Clarkedale city, Arkansas– Racial and ethnic composition Note: the U.S. census treats Hispanic/Latino as an ethnic category. This table excludes Latinos from the racial categories and assigns them to a separate category. Hispanics/Latinos may be of any race.

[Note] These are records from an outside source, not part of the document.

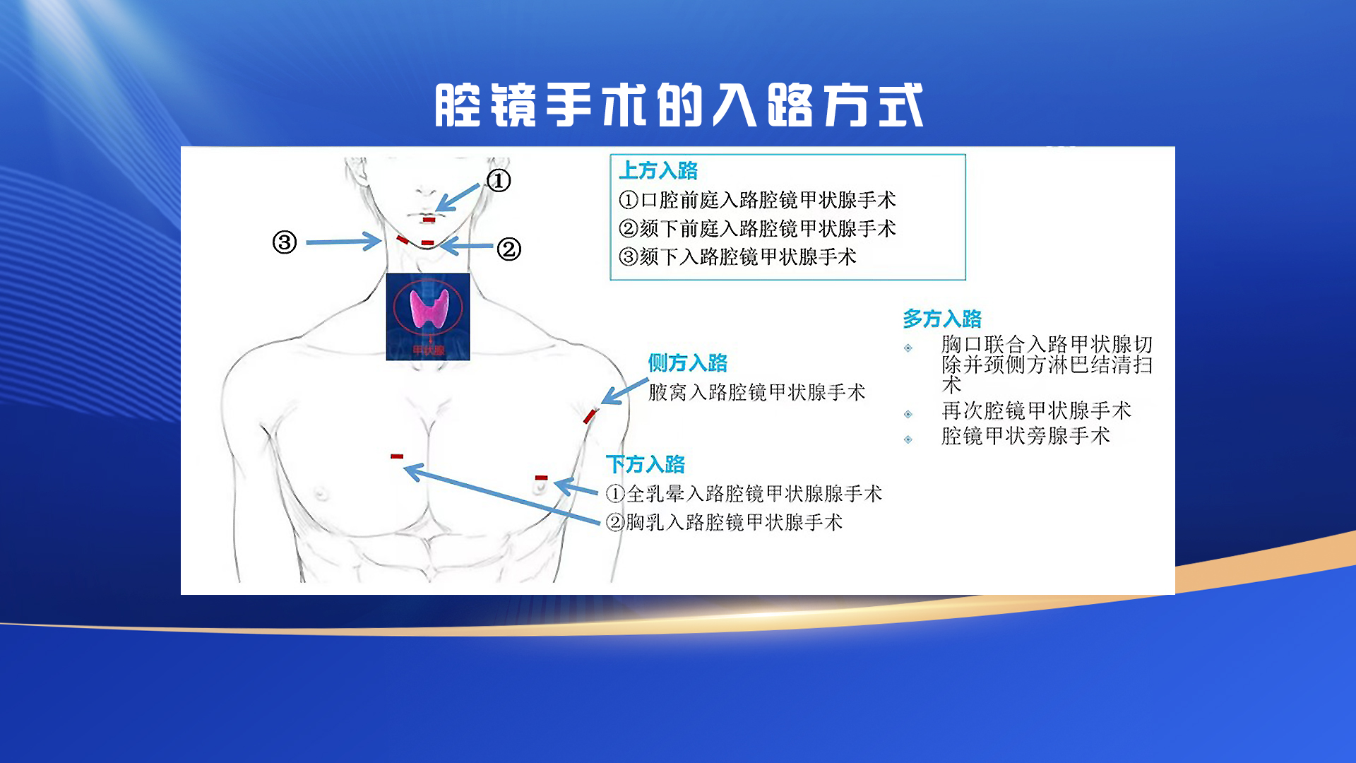 目前的腔镜手术、射频消融术等微创手术,已实现从腋下、口腔等隐蔽部位入路,完全避免颈部留疤。对符合条件的良性结节,射频消融术通过一根细针即可完成治疗,患者可以听取医生建议,根据结节情况、个人意愿和身体条件来综合判断。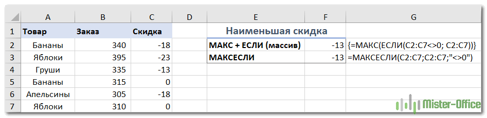 Фактически, это разновидность условного МАКС, рассмотренного в предыдущем примере. Чтобы исключить нули, используйте логический оператор «не равно» и поместите выражение «<> 0» либо в критерий функции МАКСЕСЛИ, либо в конструкцию МАКС + ЕСЛИ.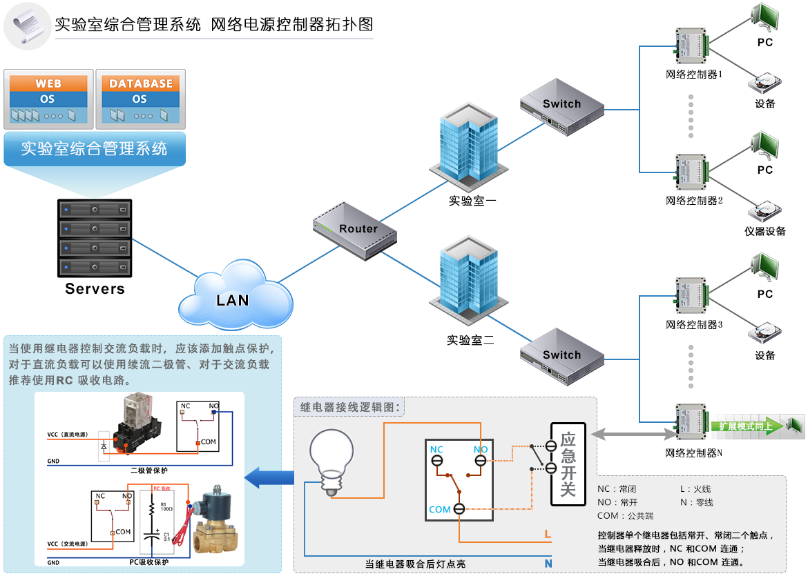 智慧实验室远程电控管理系统通过网络远程控制技术实现对实验室仪器设备的电源开启和关闭控制,系统自动对被安排或被预约的仪器设备供电或断电。它针对需要电源的实验设备(大型、贵重仪器设备)设计开发的远程电源集中管理解决方案,在学生完成实验预约,刷卡后实验设备才能供电,实验完成后刷卡断电。对实验设备进行精细化管理,自动记录使用时间并实验自动门禁系统、视频监控构成实时联动平台,提升实验室的智能化无人管理,减少工作量。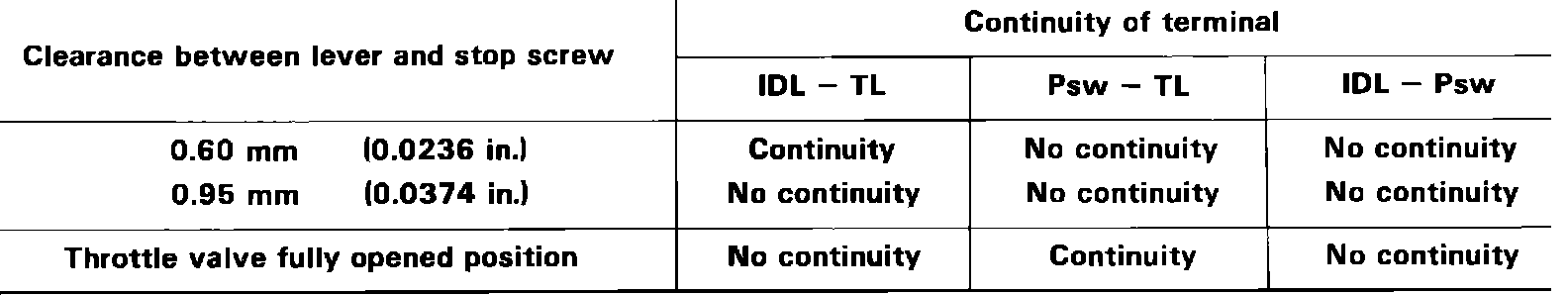 Throttle Position Switch: Testing and Inspection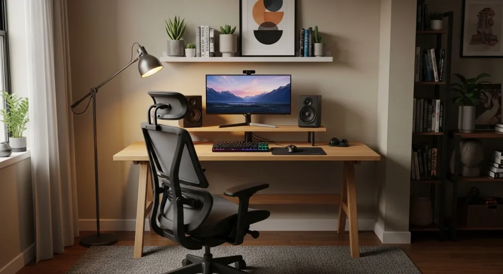 A workspace you actually use needs to be comfortable for extended periods. A supportive chair and proper desk height reduce strain and fatigue. The setup feels more inviting and usable. It encourages longer focus sessions. Comfort directly improves productivity. A must-have foundation for daily work.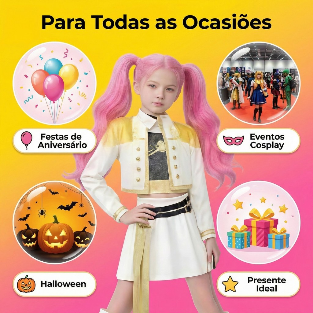 Fantasia K-POP Caça Demônios Menina/Look Rumi Mira Zoey para Festa e Palco Escolar Fantasia Cosplay Anime Caça Demônios | Conjunto K-Pop Ídolo Caçadora – Zoey, Mira, Rumi – Look Palco com Lantejoulas e Estampa ---------------------------------------------------------------------------------------------------------------------------- ATENÇÃO: Este kit não inclui peruca nem calçados.!!!!!!! ATENÇÃO: Este kit não inclui peruca nem calçados.!!!!!!! ATENÇÃO: Este kit não inclui peruca nem calçados.!!!!!!! ----------------------------------------------------------------------------------------------------------------------------- Incluso: Coletes + Jaqueta + Saia.(ATENÇÃO: Este kit não inclui peruca nem calçados.) Material: Poliéster e elastano de alta qualidade, garantindo conforto e durabilidade. Design: Inspirado nos visuais de palco do grupo K-Pop Caçadoras de Demônios, presente em filmes de anime. O estilo K-Pop e a estampa realista farão sua criança brilhar e se destacar. Características: Jaqueta: manga longa, aberta; Cropped: sem manga; Saia: modelo evasê, cintura alta. Ideal para: festas temáticas, cosplay, Halloween, confraternizações, apresentações de palco, ensaios fotográficos, eventos temáticos de cinema, shows de K-Pop, convenções de anime e muito mais. Presente surpresa perfeito para fãs e amantes do estilo K-Pop. Opções de tamanho: Disponível em 4 tamanhos diferentes. Variação de 1 a 3 cm (medição manual). Pequenas variações de cor podem ocorrer devido à calibração do monitor, câmera ou iluminação no momento da foto. Tamanhos (Depende da criança) P/ 110 a 120cm (3 a 4 Anos) M/ 120 a 130cm (5 a 6 Anos) G(L)/ 130 a 140cm (7 a 8 Anos) GG (XL)/ 140 a 150cm (9 a 10 Anos)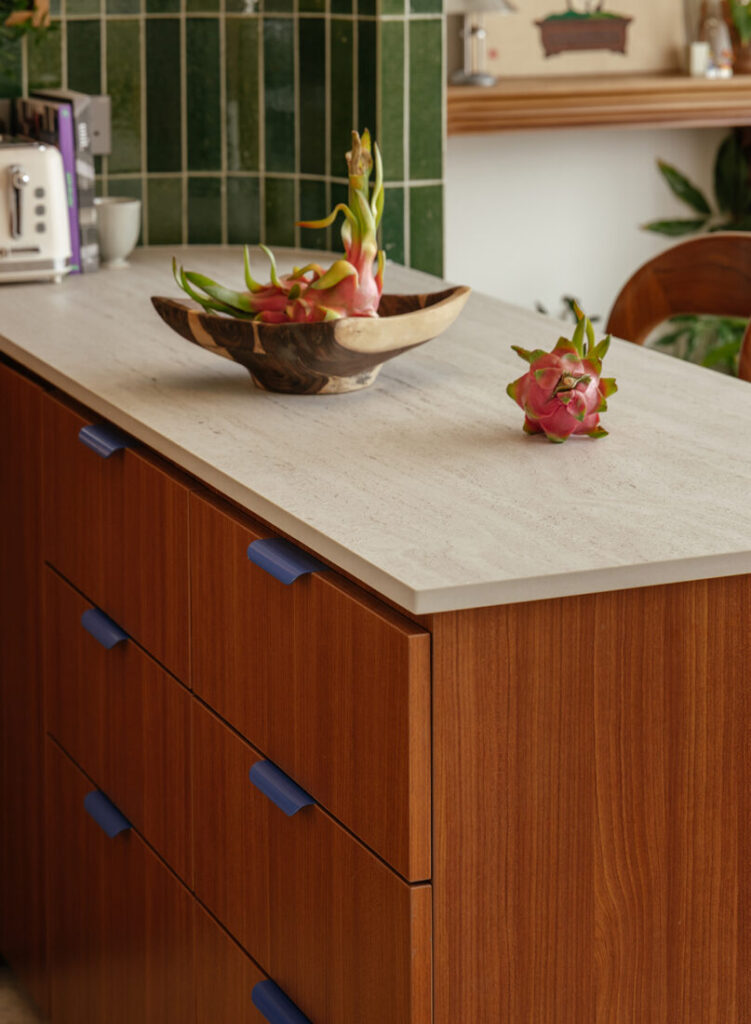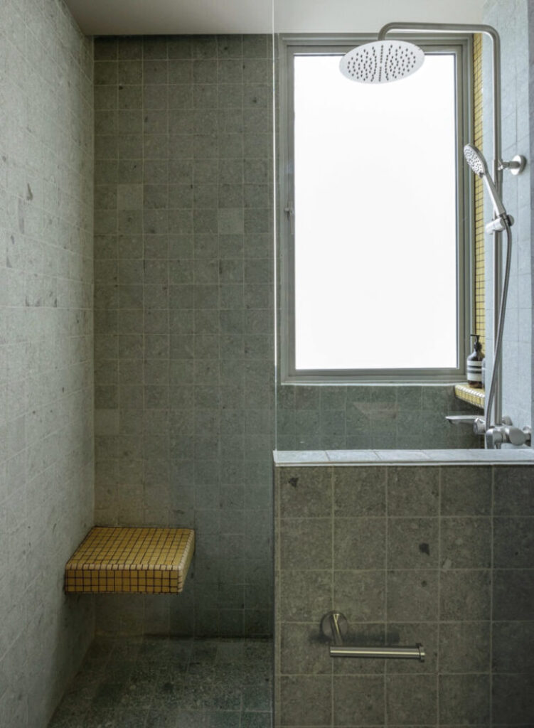 Throughout the apartment, colour and texture are applied with a confident, expert hand. The living and dining area features a long, tile-cladded bay window reimagined as built-in seating, display ledge and indoor plant corner. In the master bedroom, a custom bedhead integrates cantilevered red drawers and functional ledges, paired with half-moon wardrobe handles that add a note of play without disrupting cohesion. The bathrooms are similarly considered: the master bath offers a calm, tactile experience through Sukabumi stone, while the common bathroom embraces cheerful mosaics and small, expressive details.

| Race / Ethnicity (NH = Non-Hispanic) | Pop 2010 | Pop 2020 | % 2010 | % 2020 |
|---|---|---|---|---|
| White alone (NH) | 303 | 276 | 81.67% | 82.14% |
| Black or African American alone (NH) | 50 | 29 | 13.48% | 8.63% |
| Native American or Alaska Native alone (NH) | 3 | 0 | 0.81% | 0.00% |
| Asian alone (NH) | 1 | 0 | 0.27% | 0.00% |
| Pacific Islander alone (NH) | 0 | 0 | 0.00% | 0.00% |
| Other race alone (NH) | 0 | 0 | 0.00% | 0.00% |
| Mixed race or Multiracial (NH) | 2 | 19 | 0.54% | 5.65% |
| Hispanic or Latino (any race) | 12 | 12 | 3.23% | 3.57% |
| Total | 371 | 336 | 100.00% | 100.00% |

Historical population
| Census | Pop. | Note | %± |
| 2010 | 371 |  | — |
| 2020 | 336 |  | −9.4% |
| 2025 (est.) | 326 | Decrease | −3.0% |
U.S. Decennial Census 2010 2020

==Education==
Clarkedale is in the Marion School District. Its comprehensive high school is Marion High School.